== Problem requirements ==
Would you reproduce each line below exactly, leaving every picture out?

== Dataset extract ==
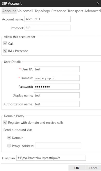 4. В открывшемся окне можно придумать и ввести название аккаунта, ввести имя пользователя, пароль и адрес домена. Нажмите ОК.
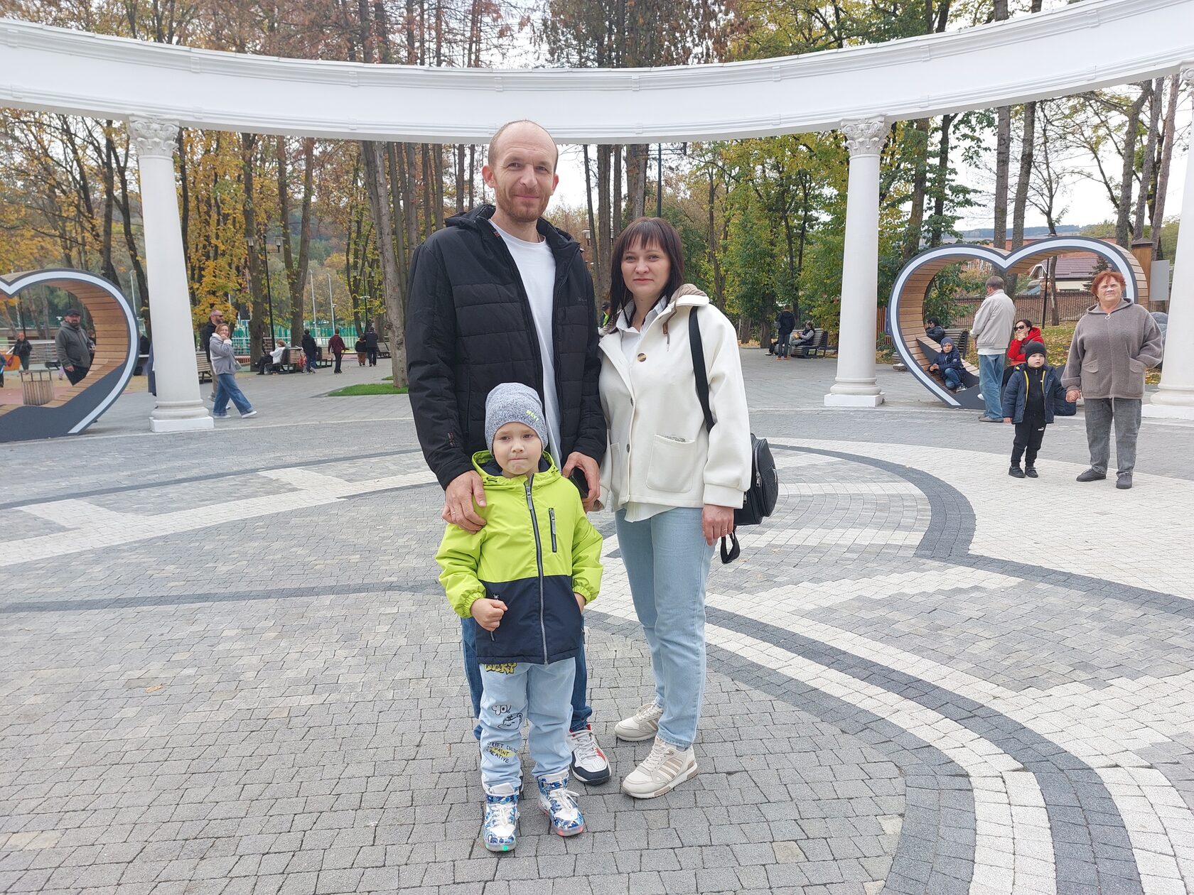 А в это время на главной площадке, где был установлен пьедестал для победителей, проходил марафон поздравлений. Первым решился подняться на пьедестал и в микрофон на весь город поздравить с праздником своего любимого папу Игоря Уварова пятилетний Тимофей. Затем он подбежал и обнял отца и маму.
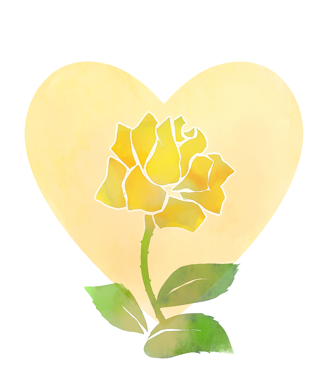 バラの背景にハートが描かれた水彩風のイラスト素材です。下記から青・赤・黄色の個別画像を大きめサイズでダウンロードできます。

== Reply to the task ==
 4. В открывшемся окне можно придумать и ввести название аккаунта, ввести имя пользователя, пароль и адрес домена. Нажмите ОК.
 А в это время на главной площадке, где был установлен пьедестал для победителей, проходил марафон поздравлений. Первым решился подняться на пьедестал и в микрофон на весь город поздравить с праздником своего любимого папу Игоря Уварова пятилетний Тимофей. Затем он подбежал и обнял отца и маму.
 バラの背景にハートが描かれた水彩風のイラスト素材です。下記から青・赤・黄色の個別画像を大きめサイズでダウンロードできます。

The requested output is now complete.